* _GIVEN DATA_:
--- START ---
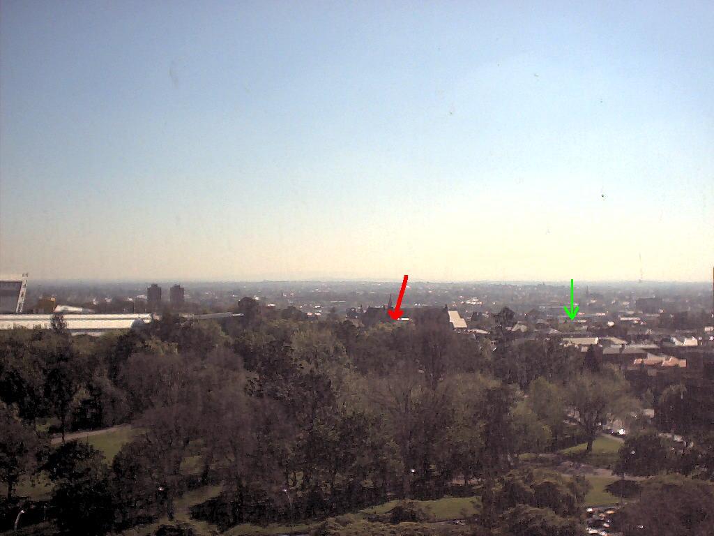 5.8Ghz is very picky about how far it will will go. It can pass through things like glass, wood and plaster but has problems with metal and trees. The pictures below are from my initial experiments. My AP (Access Point) is sitting at work pointed out a 11th story window in the direction of my house. I have three SU (Subscriber Units). One is at my house (the red arrow), one it on a ten foot pole at a friends place (green arrow).
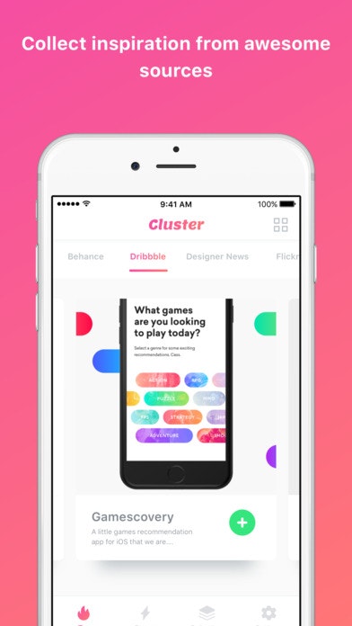 Cluster is an application built to help you collect inspiration for your next design creative project. The application features the following:
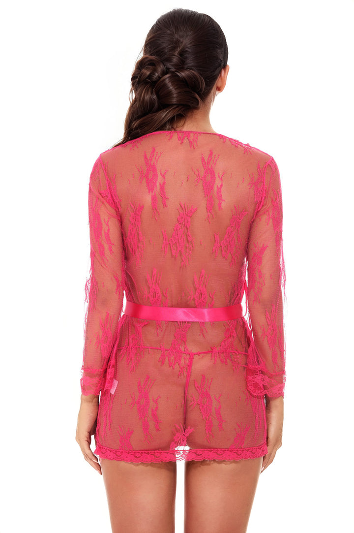 This romantic lace robe features a rose lace pattern, scalloped lace trim, long sleeves, satin belt, and thong.
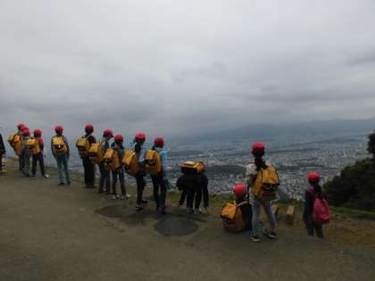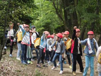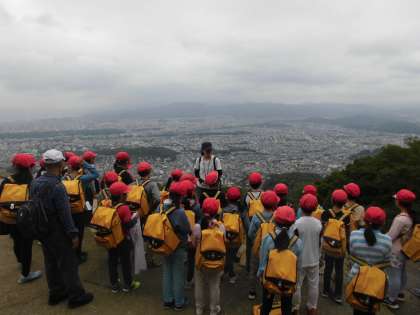 3年生は春の社会見学で大文字山登山に挑戦しました。登っている途中に,どこからともなく「がんばれー!」「もうちょっと!」と励ます声が聞こえたり,運動会の応援合戦を山道でしていました。到着点に着くと,大文字山から京都市の様子がよく見渡すことができました。午後からはあいにくのお天気となりましたが,山道を降りる時に「ここすべりやすいで。」「気つけや。」という声が聞こえてきました。力を合わせて1つのことを成し遂げることを学んだ子どもたちでした。
--- END ---
* _WHAT YOU NEED TO DO_: Output the data above in full and exactly, with every image left out.

* _ANSWER TO THIS TASK_:
 5.8Ghz is very picky about how far it will will go. It can pass through things like glass, wood and plaster but has problems with metal and trees. The pictures below are from my initial experiments. My AP (Access Point) is sitting at work pointed out a 11th story window in the direction of my house. I have three SU (Subscriber Units). One is at my house (the red arrow), one it on a ten foot pole at a friends place (green arrow).
 Cluster is an application built to help you collect inspiration for your next design creative project. The application features the following:
 This romantic lace robe features a rose lace pattern, scalloped lace trim, long sleeves, satin belt, and thong.
 3年生は春の社会見学で大文字山登山に挑戦しました。登っている途中に,どこからともなく「がんばれー!」「もうちょっと!」と励ます声が聞こえたり,運動会の応援合戦を山道でしていました。到着点に着くと,大文字山から京都市の様子がよく見渡すことができました。午後からはあいにくのお天気となりましたが,山道を降りる時に「ここすべりやすいで。」「気つけや。」という声が聞こえてきました。力を合わせて1つのことを成し遂げることを学んだ子どもたちでした。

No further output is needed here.